[Infra] Add PoC of overfitting judging by JanKrivanek · Pull Request #140 · dotnet/skills

JanKrivanek · 2026-02-27T14:40:21Z

Motivation

To have visibility into whether the eval tests are providing results that reliably judge skill quality versus just overfit on specific skill features

Sample

ViktorHofer · 2026-02-27T14:48:02Z

Do you have a design doc or can you share more info on what this does?

Copilot

Pull request overview

This pull request adds a proof-of-concept LLM-based overfitting detection system to the skill-validator infrastructure.
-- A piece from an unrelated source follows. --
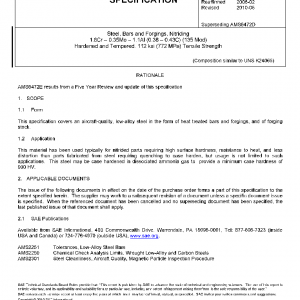 This specification covers an aircraft-quality, low-alloy steel in the form of heat treated bars and forgings, and of forging stock.

The feature analyzes whether evaluation tests genuinely measure skill quality or merely test for memorization of specific skill vocabulary and syntax patterns.

Changes:

Introduces an OverfittingJudge service that uses LLM prompting to classify rubric items and assertions into categories (outcome/technique/vocabulary for rubrics, broad/narrow for assertions) and computes an overfitting score
Integrates overfitting checks into the validation pipeline as a parallel, non-blocking operation with configurable CLI flags (--no-overfitting-check, --overfitting-fix)
Extends reporting to display overfitting scores in console output, markdown tables, and dashboard visualizations with severity-based icons and colors

Reviewed changes

Copilot reviewed 8 out of 8 changed files in this pull request and generated 1 comment.

Show a summary per file

File	Description
eng/skill-validator/src/Models/Models.cs	Adds OverfittingSeverity enum, assessment record types (RubricOverfitAssessment, AssertionOverfitAssessment), OverfittingResult, and configuration options to SkillVerdict and ValidatorConfig
eng/skill-validator/src/Services/OverfittingJudge.cs	New service implementing LLM-based overfitting analysis with prompt engineering, score computation, retry logic, and optional fix generation
eng/skill-validator/src/Commands/ValidateCommand.cs	Adds CLI options and integrates overfitting check as a parallel task that doesn't fail the verdict on error
eng/skill-validator/src/Services/Reporter.cs	Extends console and markdown output to display overfitting scores with severity-based formatting; adds FormatOverfitCell helper
eng/skill-validator/tests/OverfittingJudgeTests.cs	Comprehensive test suite covering score computation, JSON parsing, severity mapping, prompt building, and reporter integration
eng/dashboard/generate-benchmark-data.ps1	Adds overfitting severity and score fields to benchmark entries when moderate or high overfitting is detected
eng/dashboard/dashboard.js	Adds overfitting summary cards, chart markers (star symbols), tooltips, and legend notes using shared helper functions
eng/skill-validator/OverfittingDetection.md	Comprehensive implementation plan documenting prompt design, architecture, scoring methodology, and integration approach

💡 Add Copilot custom instructions for smarter, more guided reviews. Learn how to get started.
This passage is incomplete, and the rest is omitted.